Indexing performance boost and load balancing for Elasticsearch with NGINX as a sidecar of your application stack

Stefan Pöltl
Jul 31 · 4 min read

Feeding Elasticsearch works via the HTTP endpoint reachable on Port 9200 by default. Basically you can feed your data with HTTP1.1 requests, which can be implemented with any language on any platform.

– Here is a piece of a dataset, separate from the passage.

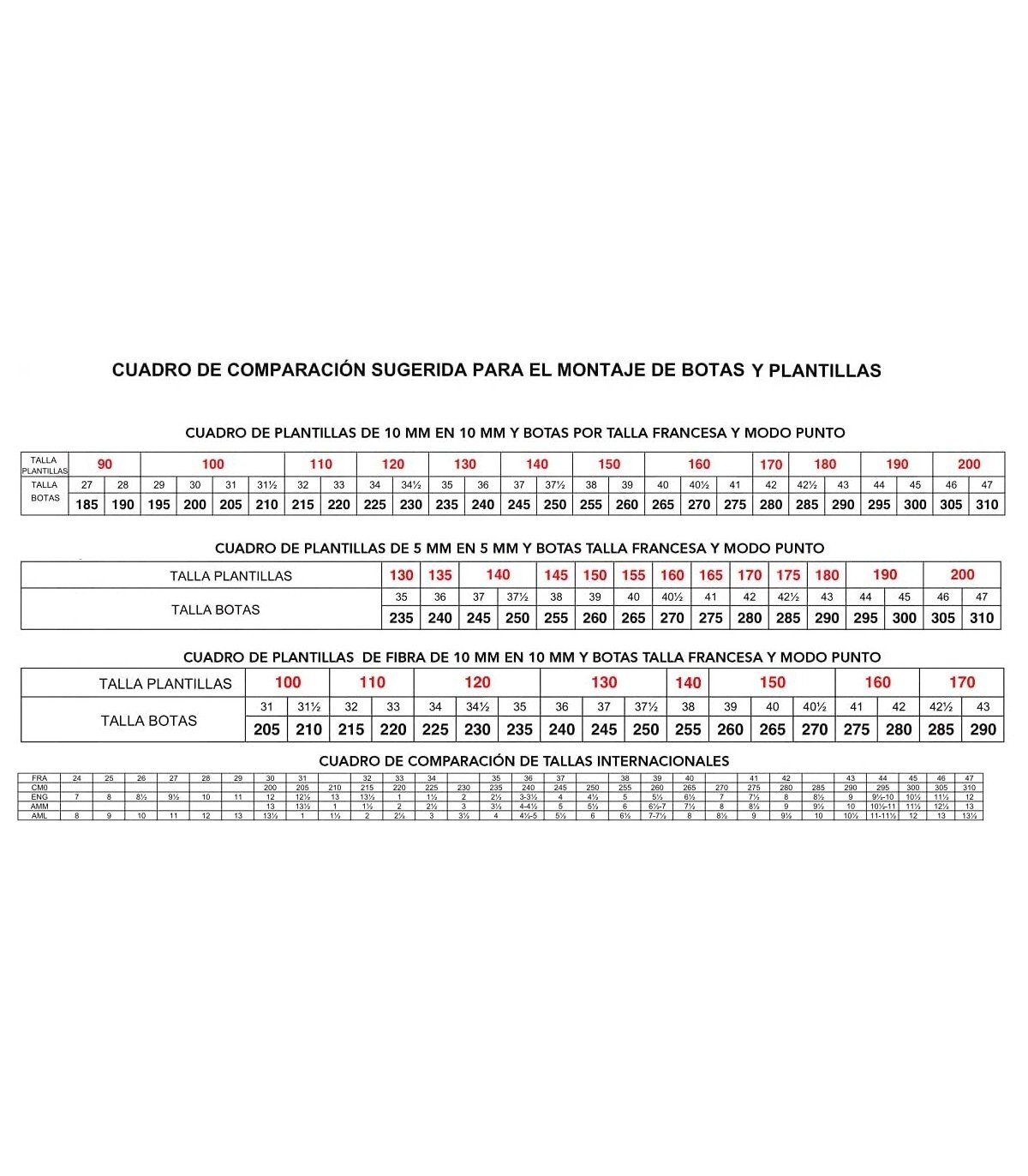 With the purchase of these boots, the service of assembly and revision of the bases or blades is included, in our premises, free of charge, the price of transport, for the return of the assembled skates, is charged when placing the order. . The customer must send their skates to the address of our store.

The benefit for the HTTP endpoint is the loosley coupling between your application and the Elasticsearch cluster and the stateless communication. A big minus is that a new connection needs to be established for every request. So how can we reuse the HTTP connection or keep the connections alive?

We need a proxy!!!

To keep the closed connections active we can use a transparent middleware, a reverse proxy. The simplest solution and also recommended from elastic is NGINX. With NGINX we have an open source webserver that scales well and supports multiple proxy setups.

Sidecar???

The sidecar pattern is used to place a utility/tool for you app beside it to support the application. In our case we can spin up an NGINX instance that speeds up the indexing performance of Elasticsearch.

Development setup

As usual for my development approach I’m going to use a docker based setup to get a working example ramped up pretty fast. For testing purposes you should have CURL running on your system. The docker-compose.yml looks like this:

version: '3'

services:
es:
image: docker.elastic.co/elasticsearch/elasticsearch:7.2.0
environment:
- "discovery.type=single-node"
ports:
- 9200:9200

proxy:
image: nginx:1.17-alpine
ports:
- "8080:8080"
volumes:
- ./docker/vhost.conf:/etc/nginx/nginx.conf

The vhost configuration file for the NGINX looks like this to work as a transparent proxy:

http {
server {
listen 8080;
location / {
proxy_pass http://es:9200;
}
}
}

Let’s test the setup with docker-compose up and a simple curl statement:

Wow the NGINX proxy works as expected and you can already use it for logging purposes. Now we want to tune the index feeding performance by keeping the HTTP connections alive:

events {
worker_connections 1024;
}

http {
client_max_body_size 50M;
upstream elasticsearch {
server es:9200;
keepalive 15;
}
server {
listen 8080;
location / {
proxy_pass http://elasticsearch;
proxy_http_version 1.1;
proxy_set_header Connection "Keep-Alive";
proxy_set_header Proxy-Connection "Keep-Alive";
}
}
}

We can easily validate the result with curl:

curl localhost:9200/_nodes/stats/http?pretty | grep total_opened
Direct HTTP interface opened connection validation

As you can see for every request a new connection is opened -> counter increases. Let’s try with the proxy:

Proxy opened connection validation

Now the HTTP connection is persistent! Less IO on the Elasticsearch side and you will end up with a much better performance.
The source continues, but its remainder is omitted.